Das Buch nennt in seinem Titel vier Ansprüche: Es soll cool sein, es geht um Abenteuer, und zwar in Geschichtenform und außerdem soll das Lesenlernen unterstützt werden. An diesen Ansprüchen möchte ich das Buch messen.
Der erste Text „Ein Fall für die Feuerwehr“ von Wolfram Hänel und Ulrike Gerold, illustriert von Jörg Hartmann ist ein Bericht über einen Brand aus Sicht des Kindes Alex: Er beginnt mit dem Brandausbruch, es folgt die Meldung und am Rand des Feuers steht Alex zufällig neben einem pensionierten Feuerwehrmann, der ihr alles erklärt.

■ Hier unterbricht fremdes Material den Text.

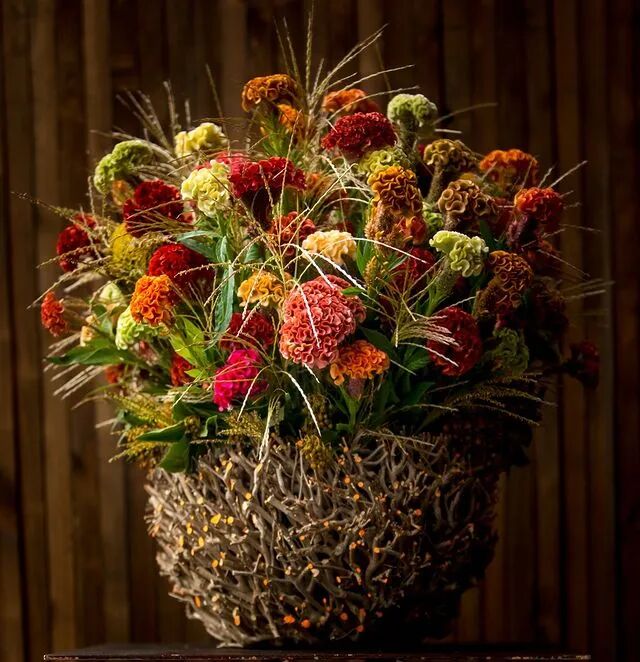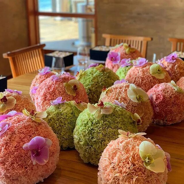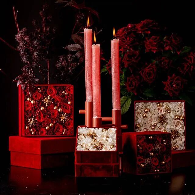 不得不说,伯格曼很懂得因地制宜。他很会根据客户的喜好来调整花艺风格。像是在美国和丹麦出售的一款圣诞花盒,配色浓郁,热情端正,一看就是那个味。而从韩国团队布置的几场婚礼花艺、生日宴花艺来看,轻盈柔软,梦幻而浪漫,是韩国人喜欢的风格没错了。现在伯格曼将更多重心放在花艺培训、展览上。店里的日常事务都交由团队处理,他们很好继承了老板的风格,在颜色、造型这方面也是玩得很出彩。根据四时风物变换,调整店里的装饰风格,作品的主题。应景的秋日装扮

In einfachem Satzbau wird das Geschehen geschildert, Höhepunkt ist die – wenig dramatische – Rettung einer Frau aus dem zweiten Stock. Gespickt ist der Text mit Fachwissen; angefangen mit der Meldung am Telefon mit wichtigen Fakten über die Ankunft der Feuerwehrfahrzeuge mit Nennung der jeweiligen Fachbegriffe (Einsatzleitwagen, Löschgruppenfahrzeug etc.) bis hin zu Faktenwissen über Drehleiter, Schutzkleidung und Aufgaben der Feuerwehr. Die Schwarz-Weiß-Illustrationen von Jörg Hartmann begleiten den Text und veranschaulichen damit das zu Lesende. Eingestreut sind Rätselseiten und eine Infoseite zum Fachwortschatz. Dieser Text möchte vor allem Fach- und Begriffswissen über die Feuerwehr vermitteln; die Narration ist nur Mittel zum Zweck. Damit fehlt auch das Abenteuerliche, denn Alex ist die ganze Zeit über sehr ruhig und steht eigentlich nur am Rand. Cool mag der Text für Feuerwehrfreaks unter den Kindern sein, bei anderen Kindern wird der Text mit der Überfrachtung an Fachwissen eher Langeweile auslösen, zumal das Fachvokabular erhebliche Lesehürden mit sich bringt. Begriffe wie „Stulpenhandschuh“ oder Kompositamonster wie „Feuerwehrleitstelle“ lassen Lesenlernende stolpern – und lohnt es sich wirklich, hier die Fachbegriffe zu erlesen?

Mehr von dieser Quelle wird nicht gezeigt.